TABLE III Computational Time of Big-M and Benders Decomposition Algorithms with Different Curtailment Risk Levels
AlgorithmCaseComputational time (s)
100%95%90%85%80%
Big-M Fixed 524.10 10022.26 9960.42 10054.85 10035.87
Varied 581.54 8822.91 10042.88 10110.41 10035.32
Benders Fixed 276.73 3894.39 5889.25 7094.14 7256.33
Varied 221.89 3740.02 5637.69 6716.69 7198.43

From Table III, it can be observed that the Benders decomposition algorithm significantly accelerates the overall computation progress. Specifically, the Benders decomposition algorithm is about twice as fast as the traditional Big-M algorithm in both fixed and varied cases. Compared with the full accommodation scenario (1-δ=100%), the introduction of chance constraints significantly increases the computational time. However, the variation of the curtailment risk level has little impact on the computational time of the traditional Big-M algorithm. On the contrary, the Benders decomposition algorithm is more sensitive to the curtailment risk level. A larger risk level leads to a heavier computational burden. It is understandable because a larger risk level brings more integer variables and thus increases computational costs. Although the computational time is longer than an hour in most cases, the proposed model and algorithm are still usable for a distribution network planning problem.

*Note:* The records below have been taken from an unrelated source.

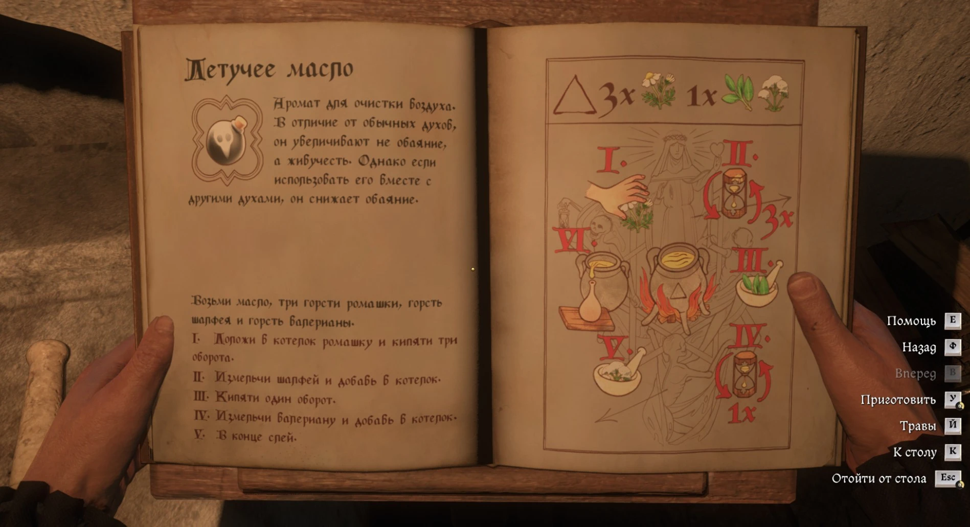 Разместите шалфей, ромашку и валериану с полки инвентаря на левую полку. Возьмите масло с правой стороны и добавьте в котел. Варите смесь в течение указанного в рецепте времени, отсчитываемого песочными часами.
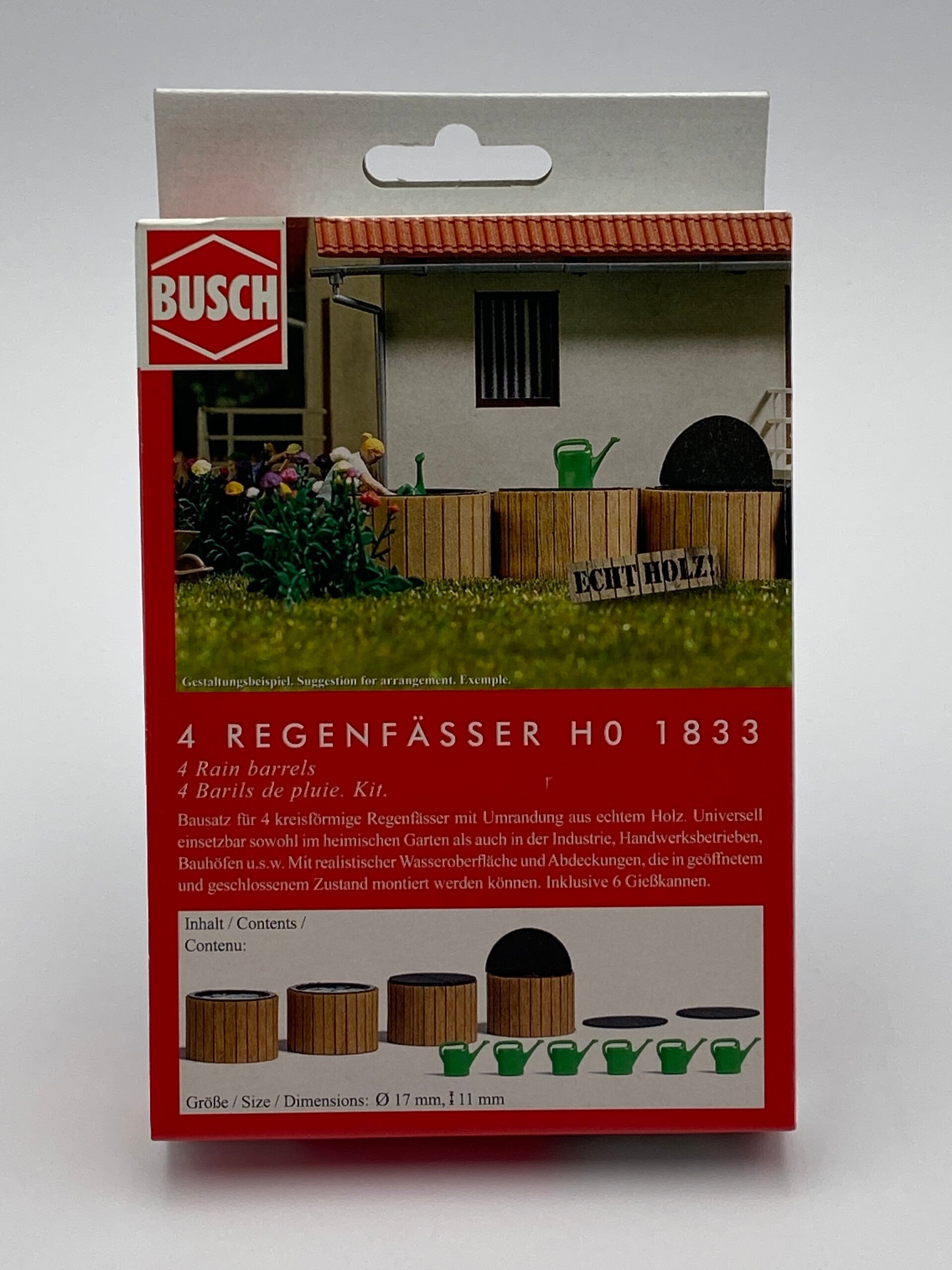 Bausatz für 4 kreisförmige Regenfässer mit Umrandung aus echtem Holz. Universell einsetzbar sowohl im heimischen Garten als auch in der Industrie, Handwerksbetrieben, Bauhöfen u.s.w. Mit realistischer Wasseroberfläche und Abdeckungen, die in geöffnetem und geschlossenem Zustand montiert werden können. Inklusive 6 Gießkannen.
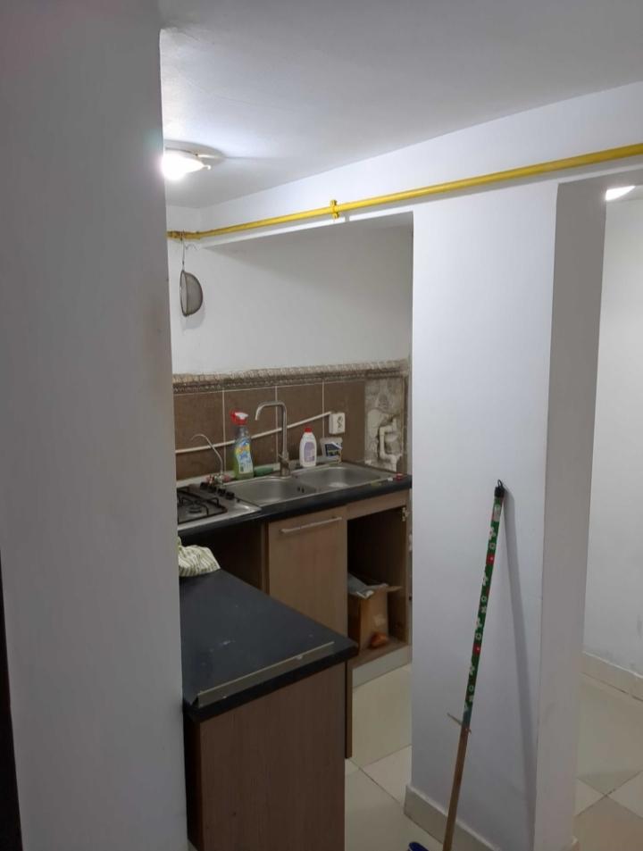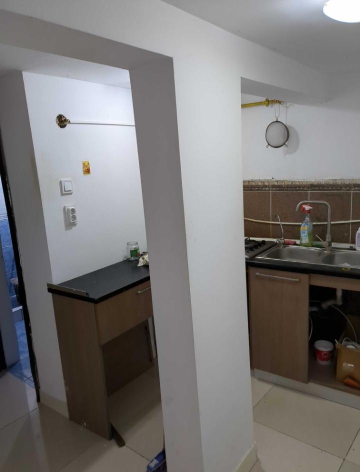 Bucătărie open cu spațiu pentru aragaz, frigider și chiuvetă
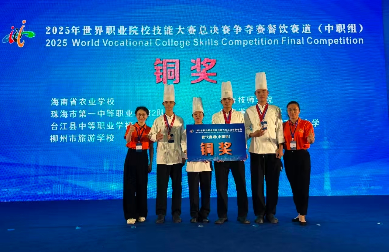 ??学校全体教职工同心同德,携手奋进,坚持立德树人的根本任务,全面推进“五育并举”,屡创佳绩。近三年来,在各级各类比赛中,累计获省级以上一等奖36项、二等奖43项、三等奖62项;尤其是在世界职业院校技能大赛的舞台上,我校师生连续两年迎难而上、奋勇拼搏,共斩获两金四铜的好成绩!在2025年中华人民共和国第三届职业技能大赛中,面对激烈角逐,农校师生在中式烹调(羊肉烘烤)和餐厅服务(世赛选拔)赛项中沉着应战,双双斩获大赛优胜奖。
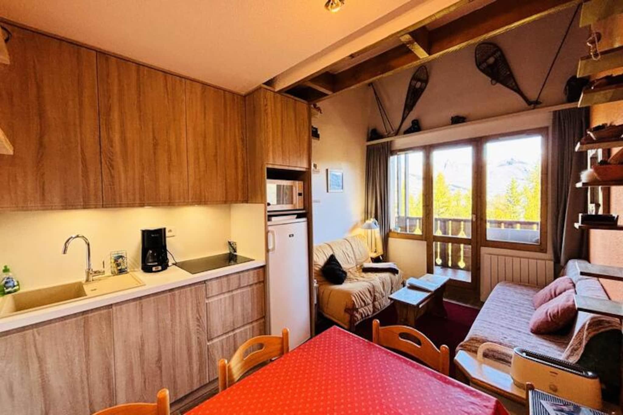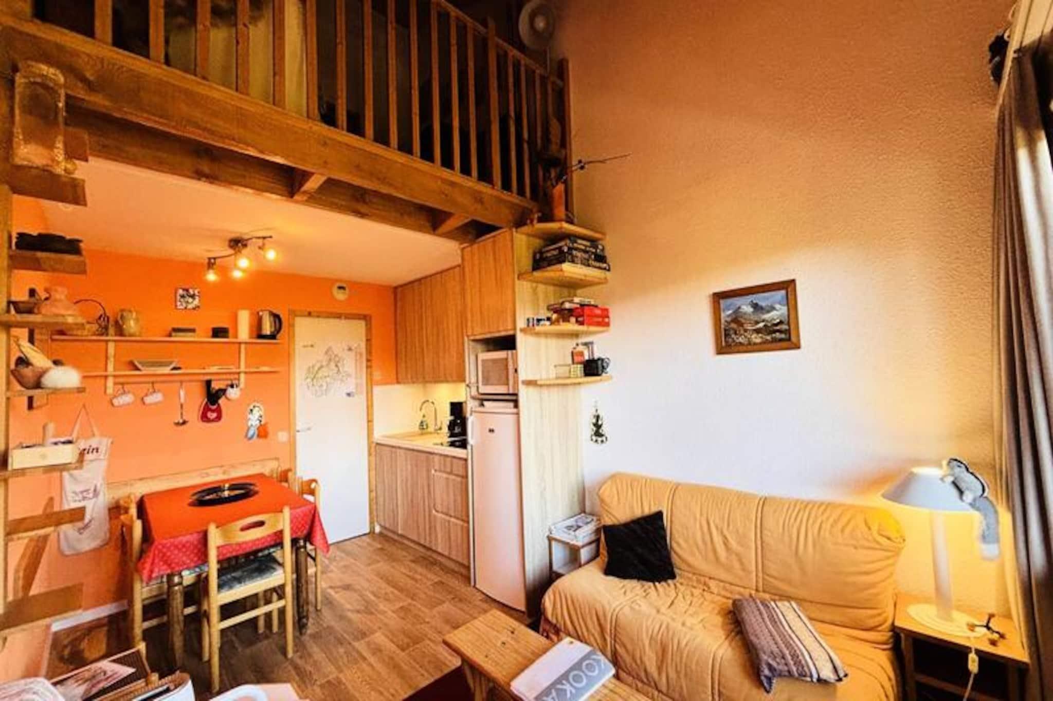 In the heart of the French Alps, where the forest meets the slopes, this charming duplex apartment offers a cozy retreat with breathtaking views of Mont Blanc. Located in the peaceful Le Bilboquet residence, just 200 meters from the ski slopes and a short walk to the resort center, this property provides the perfect balance of tranquility and convenience for your alpine getaway. Imagine waking up to the crisp mountain air and stepping out onto your private balcony to admire the majestic peaks. Spanning 42 m², this thoughtfully designed apartment comfortably accommodates up to seven guests. The upper floor features a serene bedroom with a double bed, a mezzanine with a sofa bed, and a bathroom with a toilet. On the ground floor, you’ll find a cozy sleeping alcove with bunk beds, a living room with a single bed and TV, and a well-equipped kitchen area complete with a combi oven, dishwasher, ceramic hob, refrigerator, electric kettle, coffee maker, and toaster. A second bathroom with a toilet adds to the convenience. The apartment is non-smoking, pet-free, and equipped with blankets for your comfort. Le Bilboquet’s traditional alpine architecture, blending wood, stone, and slate, creates a warm and inviting atmosphere. Situated on the edge of a tranquil forest, the residence offers easy access to outdoor public parking and ski lockers. The vibrant resort center, just 450 meters away, boasts shops, restaurants, and services to enhance your stay. Whether you’re skiing down the slopes in winter or exploring hiking trails in summer, this location is ideal for adventurers and nature lovers alike. With its stunning views, convenient amenities, and proximity to the slopes, this apartment is your gateway to unforgettable alpine memories. Book your stay today and experience the magic of the French Alps.
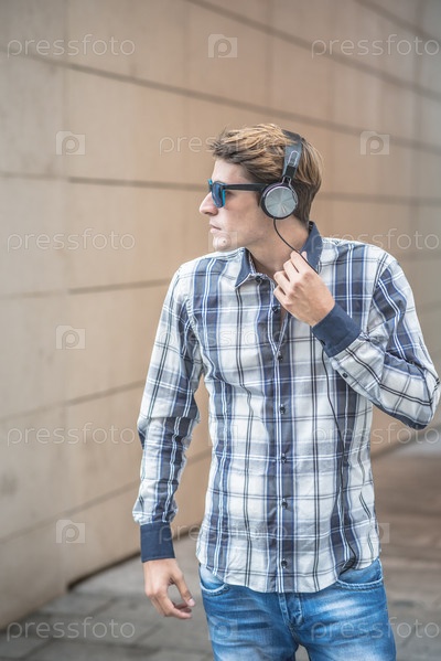 Молодой блондин с наушниками
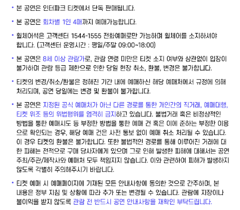 • 휠체어석은 인터파크 고객센터를 통해 접수 가능합니다.(☎1544-1555)
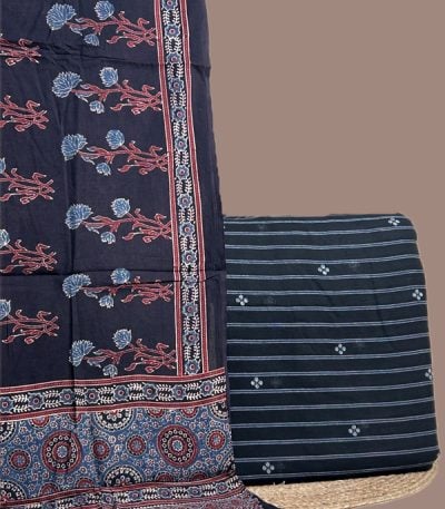 Black – 2pc Ajrakh HandCrafted Cotton Dupatta and Woven Design Handloom Top Cotton Fabric Set
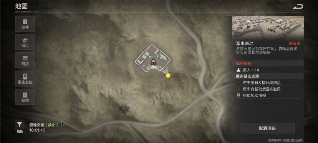 这就是军事基地的整体模样啦!作为4星资源点,这里不仅物资密度高,还会遇到图中的NPC 需要多多注意哦! 核心物资包含:
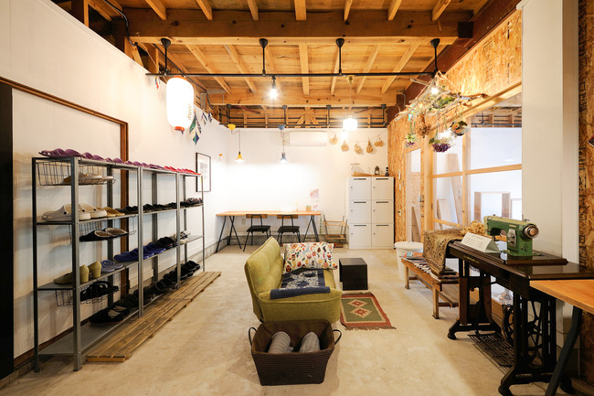 商店街にある土産物屋をリノベーションした開放的なエントランス。
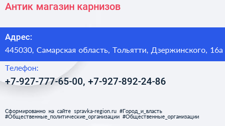 Антик, магазин карнизов по адресу 445030, Самарская область, Тольятти, Дзержинского, 16а в дальнейшем Организация, размещена в следующих категориях:
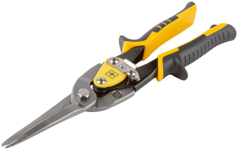 Ножницы по металлу FIT HQ предназначены для резки холоднокатанной стали толщиной до 1,2 мм и нержавеющей стали толщиной до 0,8 мм. Лезвия изготовлены из закаленной хром-молибденовой стали и обладают высокой прочностью. Закалка до твердости 56–60 HRC обеспечивает высокую износостойкость. Двойной рычажный механизм в значительной степени увеличивает прикладываемое усилие и облегчает резку толстого материала. Усиленная пружина обладает длительным сроком службы. Эргономичные рукоятки с упорами обеспечивают надежный хват. Резиновые вставки на рукоятках предотвращают проскальзывание во время работы. Встроенная в рукоятку петля позволяет хранить инструмент в подвешенном положении. Блокиратор на корпусе повышает безопасность во время хранения.
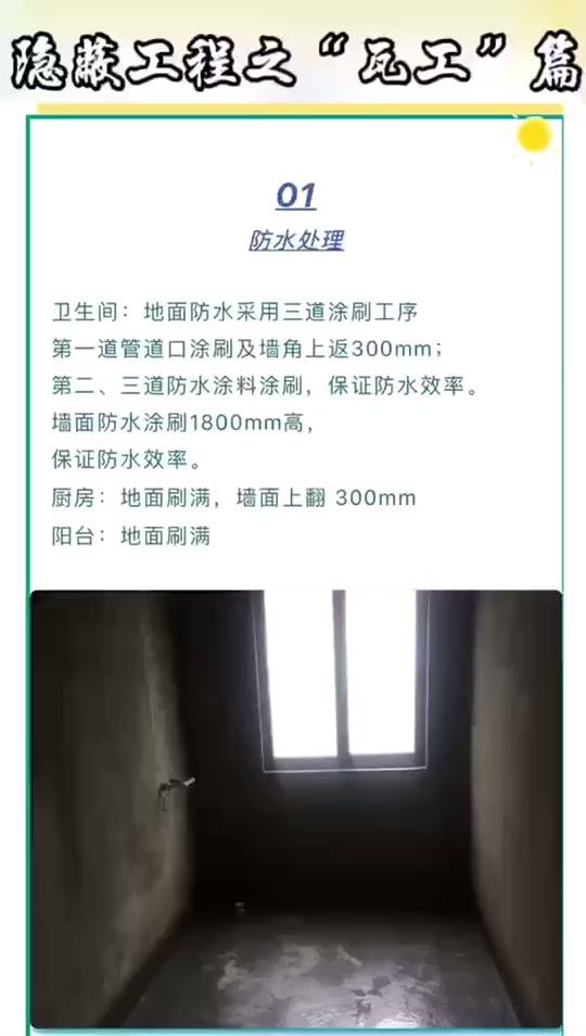 现有房屋在建造的时候也偶有考虑到防水层的处理,但在装修装饰中都可能对原有防水造成破坏,或者无法完全信任开发商的防水处理,那么在泥瓦工程中就可以对防水层进行重新处理,比如厨房、卫生间、浴室等都要做特别的防水处理,以免造成入住后的邻里纠纷,现有不少业主在泥瓦工程中遗漏掉防水或者不去重视,导致后来入住后因为水淹下层住户造成赔偿损失的很多,所以大家应该非常重视这一环节。
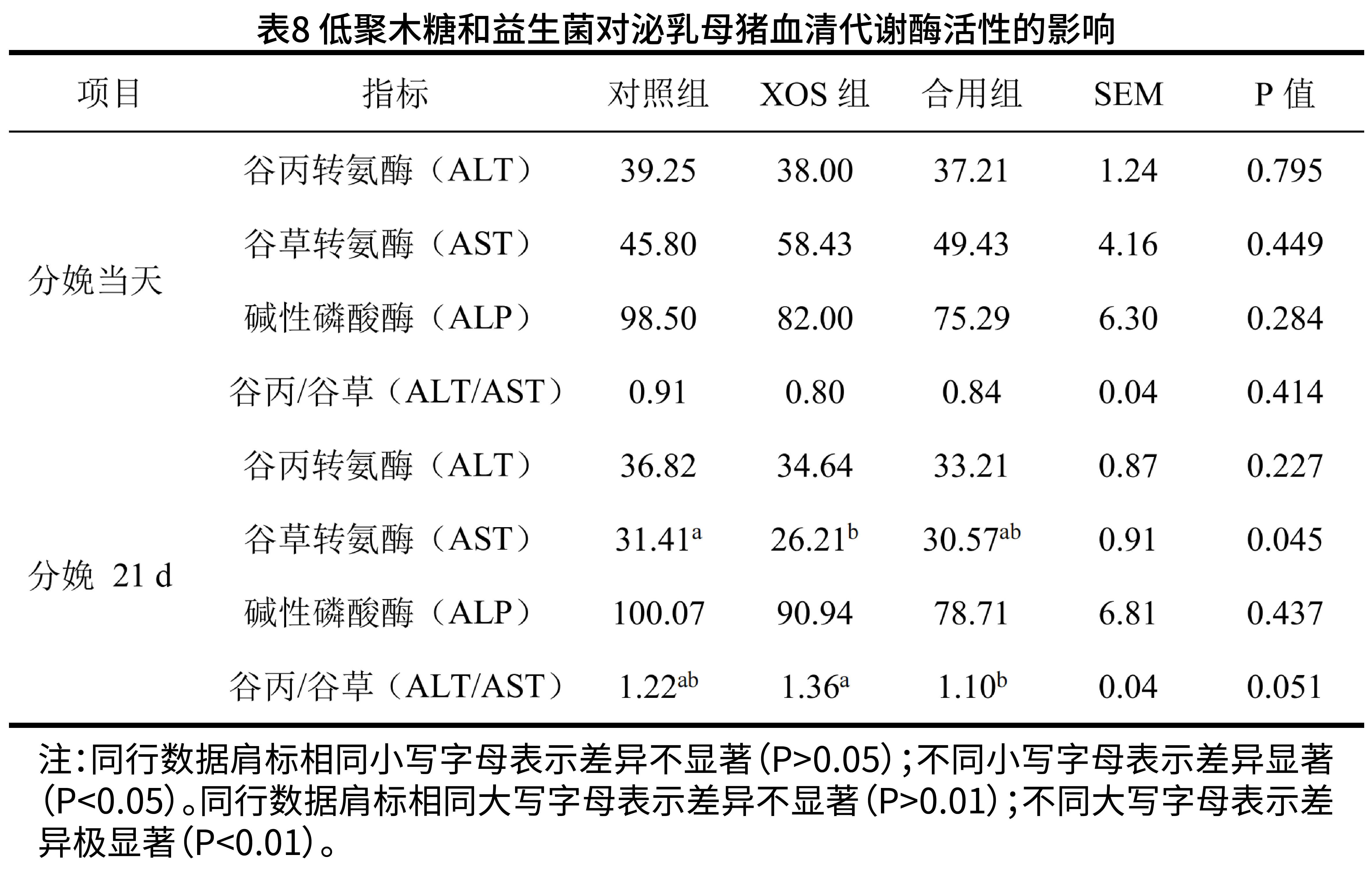 (6)低聚木糖和益生菌对母猪血液生理生化指标的影响 母猪血清代谢酶活性:从表8可见,从谷丙转氨酶(ALT)活性来看,分娩当天和分娩21 d,3个处理组间差异不显著(P>0.05)。从谷草转氨酶(AST)活性来看,分娩当天,3个处理组间差异不显著(P>0.05),但XOS组和合用组分别比对照组高27.58 %和7.92 %;分娩后21d,XOS组比对照组低16.56 %(P=0.045),合用组比对照组低2.67 %(P=0.045)。从碱性磷酸酶活性来看,分娩当天XOS组和合用组分别比对照组低16.75 %和23.56 %(P=0.284);分娩21d时XOS组和合用组比对照组低9.12 %和21.34 %(P>0.05)。从谷丙/谷草比值来看,3个处理组在分娩当天差异均不显著(P>0.05)。
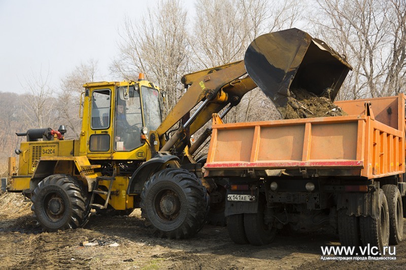 Бригады рабочих и спецтехника собирают и вывозят загрязненный грунт. 6 километров побережья Амурского залива от станции Санаторная до мыса Клыкова загрязнено мазутом.
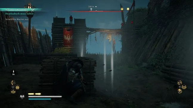Существует альтернативный путь на крайнем северо-западе комплекса. Там часть укрепления отсутствует, и можно проскользнуть через дыру и, если не опасаться расставленных лучников, довольно легко пробраться к церкви. В любом случае нужно добраться до следующей стены и незаметно перепрыгнуть на другую сторону по деревянным платформам.
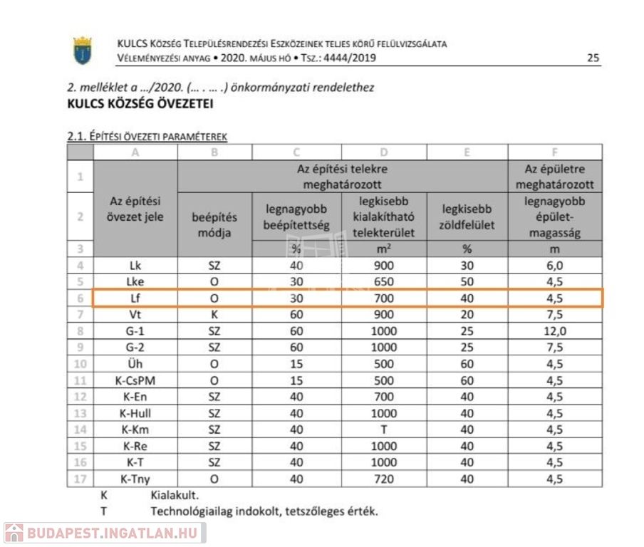 - legnagyobb megengedett épületmagasság 4,5 méter

The Gaussian Copula fitting and sampling are employed on the same platform. According to our experience, the running time of the fitting and sampling program is less than 1 min, which is negligible in the whole hosting capacity assessment process.

VI. Conclusion

This paper investigates the potential of spatial correlation to improve the MHC of PV in the distribution network. At first, an exponential model is fitted to the empirical correlation of PV output samples in Suzhou, China. Then, the Gaussian Copula is employed to build the joint probability distribution of PV outputs. After that, a stochastic and chance-constrained PV hosting capacity assessment model is proposed to evaluate the impact of the spatial correlation on the PV hosting capacity, and the Benders decomposition algorithm is applied to reduce the computational cost.

Numerical results on a 59-bus rural distribution network in Suzhou, China, verify the effectiveness of the proposed model. The testing results give us four useful insights: ① it demonstrates that the correlation of PV outputs in a medium geographical size (10 km) has an exponential decay relation with the distance between two PV sites; ② it demonstrates that the correlation of PV outputs has a strong impact on the PV hosting capacity for the distribution network, specifically, the hosting capacity would be much higher when considering the relation of spatial correlation and geographical distance; ③ the curtailment risk level of PV outputs also has a significant impact on the hosting capacity; ④ the proposed hosting capacity assessment algorithm can consider the correlation among distributed PVs and figure out the hosting capacity effectively and efficiently.

Future studies include considering the temporal correlation of PV outputs, taking active distribution management and integrated energy system into account, discussing the impact of energy storage on the hosting capacity, etc.